Simultaneously, specialized AI applications demonstrate clear profitability paths and market validation, providing immediate ROI and clear differentiation strategies.
What It Means
Spring 2025 was when the industry stopped pretending. Practical AI through specialized agents wins. Universal systems lose. This isn't technological failure—it's recognition that solutions you can deploy beat breakthroughs you can't.

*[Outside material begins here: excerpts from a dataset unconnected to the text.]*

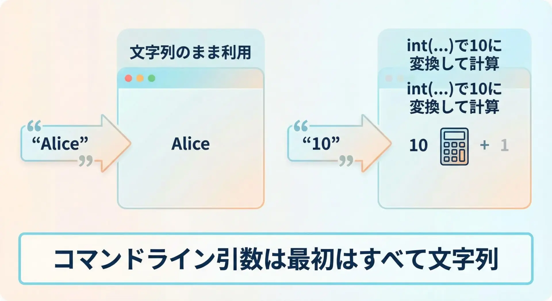 1つ目は、すべてのコマンドライン引数は「文字列」として渡されるという点です。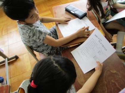 学校探検に行った時の説明の仕方を練習しました。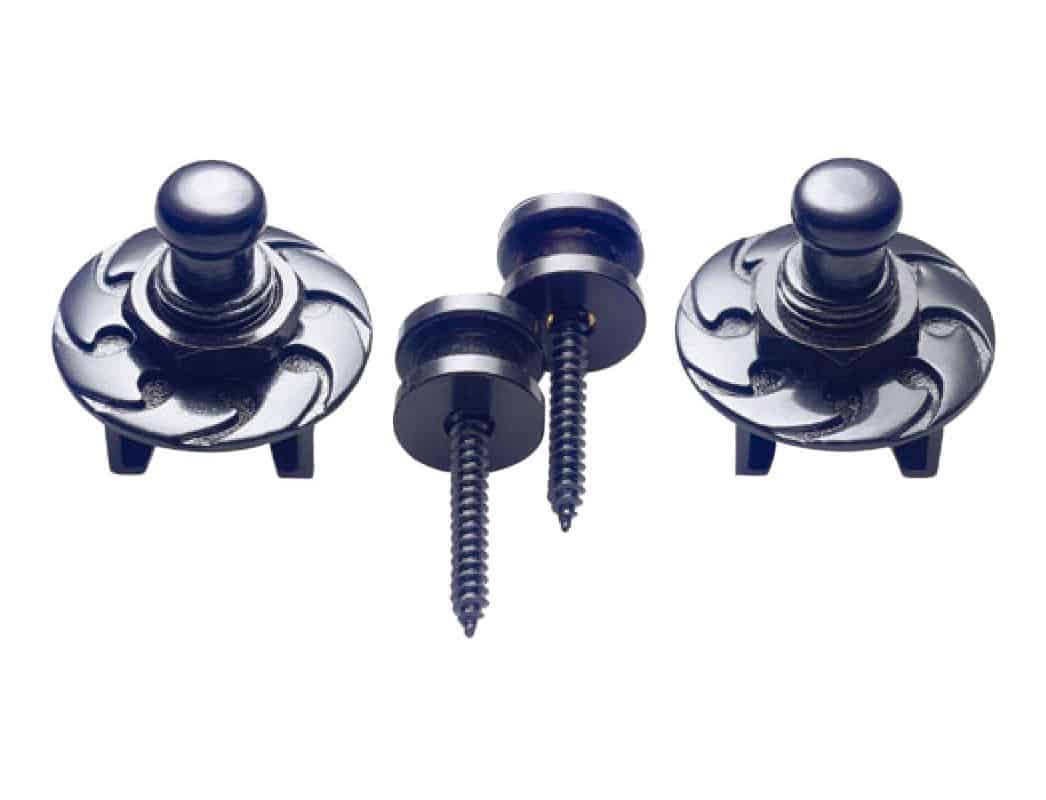 Strap Locks for guitar and electric bass. Locks straps into place. Black.
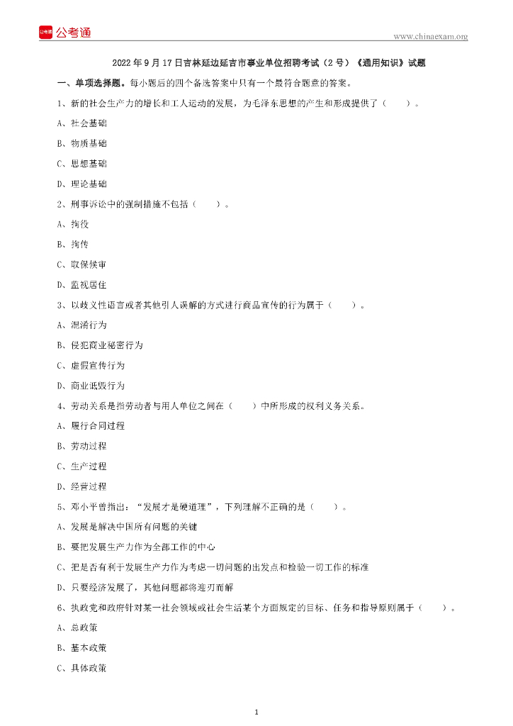 2022年9月17日吉林延边延吉市事业单位招聘考试(2号)《通用知识》试题.pdf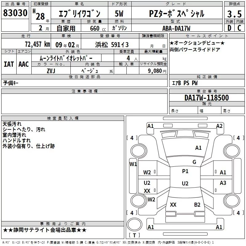 Suzuki EVERY WAGON с аукциона Японии TAA Chubu лот № 83030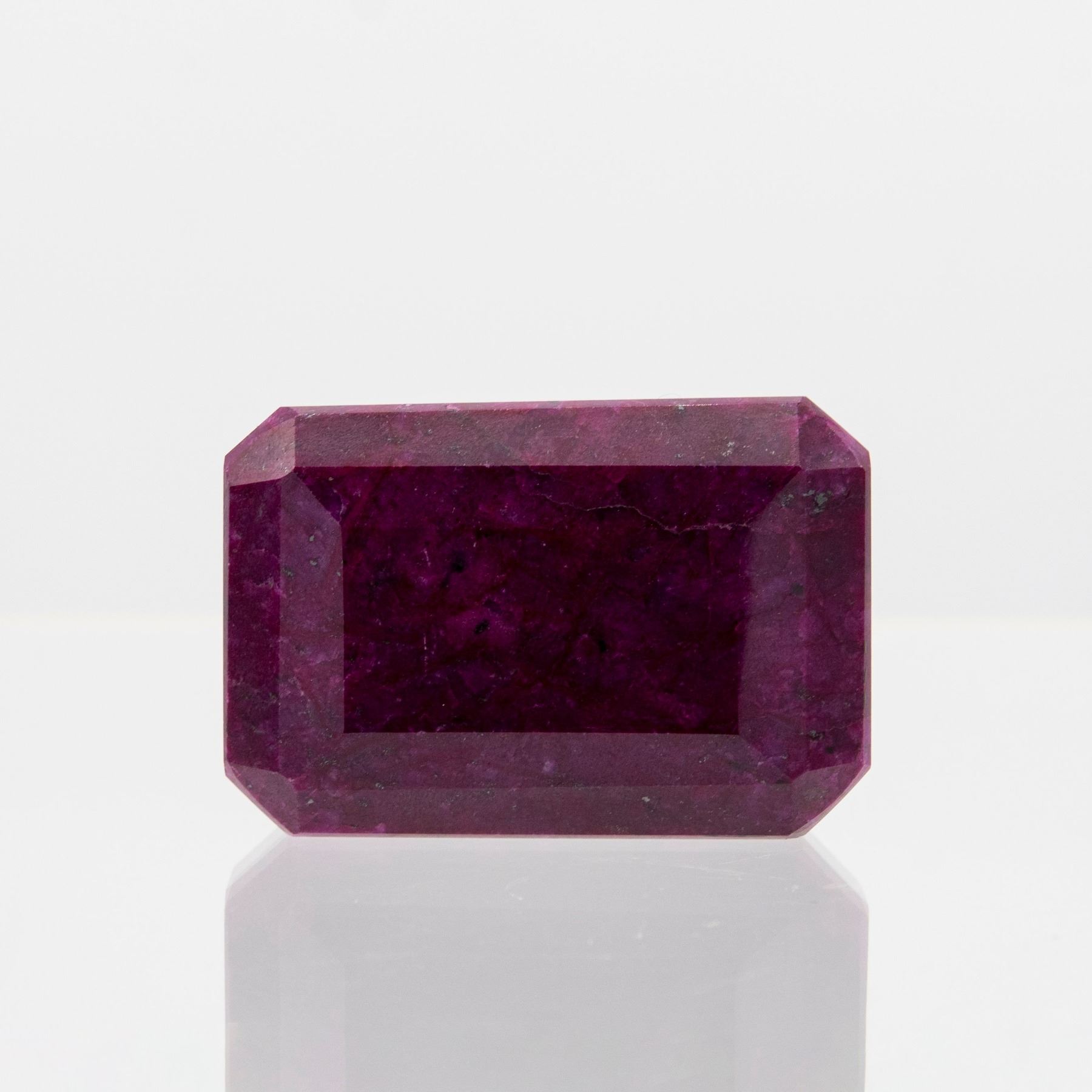 Awesome Large 391.60 Ct Certified Ruby. Strong color definition with full saturation and a fine tone. Emerald cut measuring 51 x 35 x 21 mm.
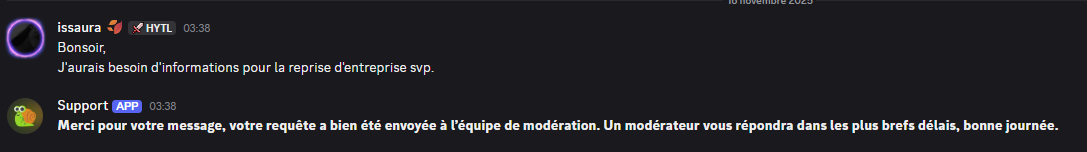 Pour être mis en relation avec le Staff, il suffit d'envoyer un message comme ci-dessous :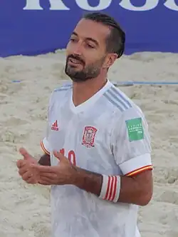 As well as continuing to represent Spain, in order to make a full living from the sport, he has also played for numerous club sides in leagues around the world as a sought after player.[6] Major clubs include Barcelona (Spain), Kristall (Russia), Lokomotiv Moscow (Russia), Flamengo (Brazil), KP Łódź (Poland), Falfala Kfar Qassem (Israel), Tokyo Verdy (Japan), Catania (Italy) and Artur Music (Ukraine).[14] He tasted international success in the 2015 Mundialito de Clubes, 2015 Euro Winners Cup, 2017 Mundialito de Clubes and 2019 World Winners Cup with each of the first four clubs respectively.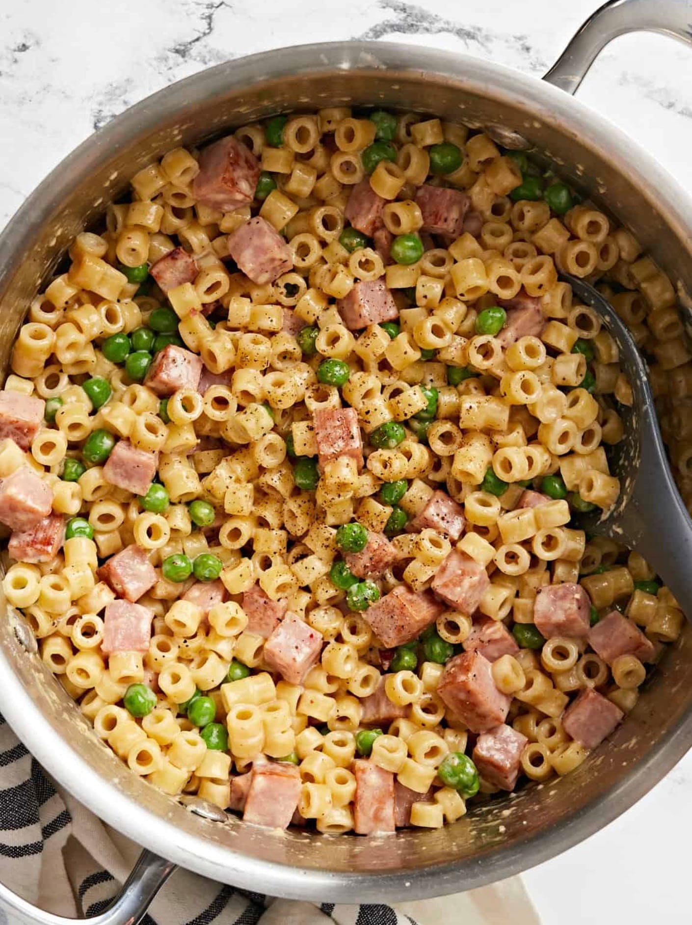 For the ham, look for a ham steak in the meat section. You’ll dice it up into small pieces before cooking. The frozen peas add a nice pop of color and sweetness.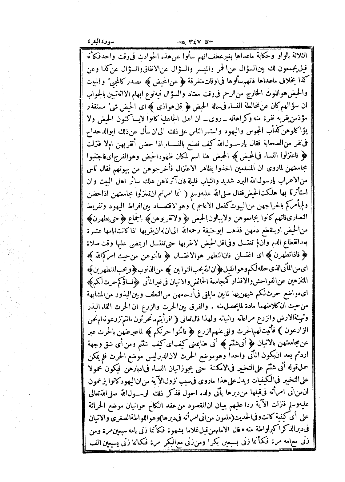 الثلاثة بالواو وحكاية ما عداها بغير عطف انهم سألوا عن هذه الحوادث في وقت واحد فكأنه قيل يجمعون لك بين السؤال عن الخمر والميسر والسؤال عن الانفاق والسؤال عن كذا وعن كذا بخلاف ما عداها فانهم سألوها في اوقات متفرقة عَنِ الْمَحِيضِ مصدر كالمجيئ والمبيت والحيض هو اللوث الخارج من الرحم في وقت معتاد والسؤال فيه نوع إبهام الا انه تبين بالجواب ان سؤالهم كان عن مخالطة النساء في حالة الحيض قُلْ هُوَ أَذىً اى الحيض شىء مستقذر مؤذ من يقربه نفرة منه وكراهة له- روى- ان اهل الجاهلية كانوا لا يساكنون الحيض ولا يؤاكلوهن كدأب المجوس واليهود واستمر الناس على ذلك الى ان سأل عن ذلك أبو الدحداح فى نفر من الصحابة فقال يا رسول الله كيف نصنع بالنساء إذا حضن أنقربهن أم لا فنزلت فَاعْتَزِلُوا النِّساءَ فِي الْمَحِيضِ المحيض هنا اسم لمكان ظهور الحيض وهو الفرج اى فاجتنبوا مجامعتهن لما روى ان المسلمين أخذوا بظاهر الاعتزال فأخرجوهن من بيوتهم فقال ناس من الاعراب يا رسول الله البرد شديد والثياب قليلة فان آثرناهن هلك سائر اهل البيت وان استأثرنا بها هلكت الحيض فقال صلى الله عليه وسلم (انما أمرتم ان تعتزلوا مجامعتهن إذا حضن ولم يأمركم باخراجهن من البيوت كفعل الأعاجم) وهو الاقتصاد بين افراط اليهود وتفريط النصارى فانهم كانوا يجامعوهن ولا يبالون بالحيض وَلا تَقْرَبُوهُنَّ بالجماع حَتَّى يَطْهُرْنَ من الحيض او ينقطع دمهن فذهب ابو حنيفة رحمه الله الى ان له ان يقربها إذا كانت أيامها عشرة بعد انقطاع الدم وان لم تغتسل وفي اقل الحيض لا يقربها حتى تغتسل او يمضى عليها وقت صلاة فَإِذا تَطَهَّرْنَ اى اغتسلن فان التطهر هو الاغتسال فَأْتُوهُنَّ مِنْ حَيْثُ أَمَرَكُمُ اللَّهُ اى من المأتى الذي حلله لكم وهو القبل إِنَّ اللَّهَ يُحِبُّ التَّوَّابِينَ من الذنوب وَيُحِبُّ الْمُتَطَهِّرِينَ المتنزهين عن الفواحش والاقذار كمجامعة الحائض والإتيان في غير المأتى نِساؤُكُمْ حَرْثٌ لَكُمْ اى مواضع حرث لكم شبهن بها لما بين ما يلقى في أرحامهن من النطف وبين البذور من المشابهة من حيث ان كلا منهما مادة لما يحصل منه. والفرق بين الحرث والزرع ان الحرث إلقاء البذر وتهيئة الأرض والزرع مراعاته وانباته ولهذا قال تعالى أَفَرَأَيْتُمْ ما تَحْرُثُونَ أَأَنْتُمْ تَزْرَعُونَهُ أَمْ نَحْنُ الزَّارِعُونَ فأثبت لهم الحرث ونفى عنهم الزرع فَأْتُوا حَرْثَكُمْ لما عبر عنهن بالحرث عبر عن مجامعتهن بالإتيان أَنَّى شِئْتُمْ أنى هنا بمعنى كيف اى كيف شئتم ومن أي شق وجهة أردتم بعد ان يكون المأتى واحدا وهو موضع الحرث لان الدبر ليس موضع الحرث فلم يمكن حمل قوله أنى شئتم على التخيير في الامكنة حتى يجوز إتيان النساء في أدبارهن فيكون محمولا على التخيير في الكيفيات ويدل على هذا ما روى في سبب نزول الآية من ان اليهود كانوا يزعمون ان من اتى امرأته في قبلها من دبرها يأتى ولده أحول فذكر ذلك لرسول الله صلى الله تعالى عليه وسلم فنزلت الآية ردا عليهم ببيان ان المقصود من عقد النكاح هو إتيان موضع الحراثة على أي كيفية كانت وفي الحديث (ملعون من اتى امرأته في دبرها) وهو اللواطة الصغرى والإتيان فى دبر الذكر اكبر لواطة منه قال الامام من قبل غلاما بشهوة فكأنما زنى بامه سبعين مرة ومن زنى مع امه مرة فكأنما زنى بسبعين بكرا ومن زنى مع البكر مرة فكانما زنى بسبعين الف

American companies pivot toward specialized applications. Chinese firms maintain AGI ambitions with government support. European approaches emphasize trustworthy AI within regulatory frameworks.
Companies that internalized this shift early are now quarters ahead. Those waiting for the "right moment" explain to boards why similarly-resourced competitors grow faster.
The AGI race continues in research labs. But the competition that matters—for market share, operational excellence, customer satisfaction—is being won with specialized AI deployed today.
For technology leaders like Oleksandr, whose 18-year journey from engineer to CTO across video-on-demand, advertising, SaaS, and fintech taught him to distinguish between promising futures and profitable presents, the choice became obvious by spring 2025. Build what ships. Measure what matters. Win while others wait.